Changing trends in global labour force

Nowadays, paid work is the main source of income for the vast majority of households across the world; hence, organisation of work can help to reinforce the core principles of equality, democracy, sustainability and social cohesion. With an estimated 7.74 billion people in the world, there is need to “promote sustained, inclusive and sustainable economic growth, full and productive employment and decent work for all”, Sustainable Development Goal (SDG) 8.

The number of workers living in extreme poverty has declined dramatically over two decades, despite the lasting impact of the 2008 economic crisis and global recession. However, as the global economy continues to recover, we are seeing slower growth, widening inequalities, and inadequate jobs to keep up with the growing population.

In developing countries, the middle class makes up more than 34 percent of the total employment—a number that has almost tripled between 1991 and 2015. The least developed countries experienced annual Gross Domestic Product (GDP) growth rate of less than 5 per cent over the past five years, which means they have fallen short of the SDG 8 target of at least 7 per cent growth per annum.

Not more than 3.5 billion people (45.51 per cent) of the circa 7.59 billion people in the world are in employment in 2018; an insignificant 0.05 negative percentage change from the 7.51 billion people in 2017. Within the last 8 years, population growth had increased at an average rate of 1.17 per cent while global labour/workforce at an average rate of 0.01 per cent; whereas, the ratio of the workforce to the population had remained at an average of 45.46 per cent within the same period.

Analysis of the gender gap in labour statistics showed that the gap in labour force participation remains wide as the labour force continues to expand. Progress has been made in closing the gender gap participation rates until it stalled after 2003.

According to a report from the International Labour Organisation (ILO) 2019, the global gap in labour force participation rates between women and men stood at 27 percentage points in 2018. This is less than half of all the working-age women (48 per cent) that participated in the labour market; whereas, three-quarters of men (75 per cent) participated in the labour market in the same year.

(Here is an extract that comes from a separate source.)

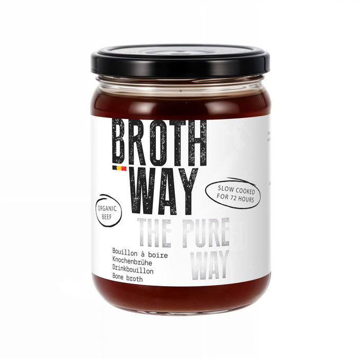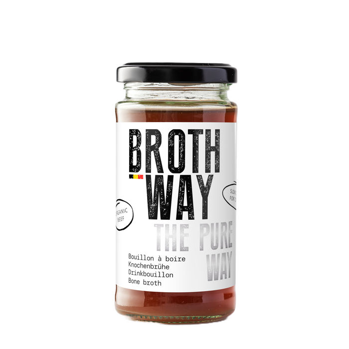 De Pure Way bouillon wordt langzaam getrokken uit zorgvuldig geselecteerde runds- en kalfsbeenderen. Dankzij het artisanaal kookproces komen de rijke smaken en voedingsstoffen volledig vrij. Het resultaat is een heldere, pure bouillon met een hoog gehalte aan collageen en eiwitten, zonder toevoegingen of overbodige ingrediënten.
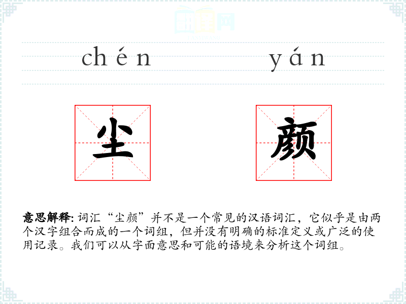 词汇“尘颜”并不是一个常见的汉语词汇,它似乎是由两个汉字组合而成的一个词组,但并没有明确的标准定义或广泛的使用记录。我们可以从字面意思和可能的语境来分析这个词组。

The gender gap has been narrowing over two decades, mainly because the decline in the participation rate for women between 1993 and 2003 was much smaller than that for men.

Source: Worldbank, BRIU


Across the countries in 2018, there have been deficits of decent work as many took up unappealing jobs that were characterized by low pay, even as they experienced financial dissatisfaction, financial stress, unequal opportunities, financial insecurity, subjective economic well-being, substandard living, dissatisfaction with material possessions, economic deprivation, and economic insecurity, among others.

The global working-age population from 15 years and older across gender was 5.7 billion in 2018—out of which 172 million people (5 per cent global employment rate)were unemployed and 3.3 billion people (57.89 per cent) were in employment. These figures added up to the tune of 3.5 billion global labour force which represents a labour force participation rate of 61.4 per cent.

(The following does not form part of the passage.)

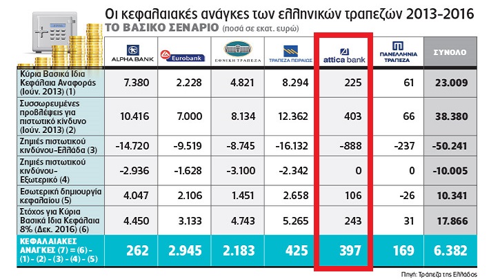 ΑΤΤΙΚΗΣ: Η κεφαλαιοποίηση της τράπεζας είναι μόλις 173 εκατ. ευρώ όταν οι κεφαλαιακές της ανάγκες καθορίστηκαν από την BlackRock στα 397 εκατ. ευρώ. Οι αναμενόμενες ζημιές πιστωτικού χαρτοφυλακίου είναι 888 εκατ. ευρώ και διαθέτει συσσωρευμένες προβλέψεις 403 εκατ. ευρώ και βασικά εποπτικά κεφάλαια 225 εκατ. ευρώ. Από εσωτερική δημιουργία κεφαλαίου προβλέπεται κεφαλαιακή ενίσχυση 106 εκατ. ευρώ.

The remaining 2.2 billion people (38.6 per cent) of working-age were outside the labour force. They include those engaged in education, unpaid care work and those in retirement. Within this group, 140 million people comprising 85 million women and 55 million men were categorised as potential labour force—people who are looking for a job but are not yet available to take up employment, or who are available but are not looking for a job.

Of the 3.3 billion that were employed in the year under review, 1.72 billion people (52 per cent)were waged and salaried workers, 1.12 billion people (34 per cent)were own-account workers, 360 million people (11 per cent)were contributing family workers and 99 million people representing 3 per cent, were employers; all of whom are subsumed under 61 per cent informal workers and 39 per cent formal workers.

No less than one quarter (1/4) of workers in low and middle-income countries lived in extreme or moderate poverty, 16 per cent were moderately poor and 74 per cent were categorised as “not poor”.

Employment growth continued to decline as it is currently at 1 per cent in 2018. Labour force growth, on the other hand, slowed to 1.3 per cent between 2013 and 2018: a projection to fall even further to 1.1 per cent by 2030.

“In general, employment growth cannot persistently exceed labour force growth because otherwise, the employed population would eventually be larger than the labour force, which by definition is not possible”, according to the World Employment Social Outlook 2019.

Labour market challenges vary across countries and regions despite the continued decrease in the global unemployment rate. Consequently, there is a need to achieve sustainable development through the fostering of production, innovation, and optimisation of resource efficiency, as well as prioritising the well-being of the less affluent.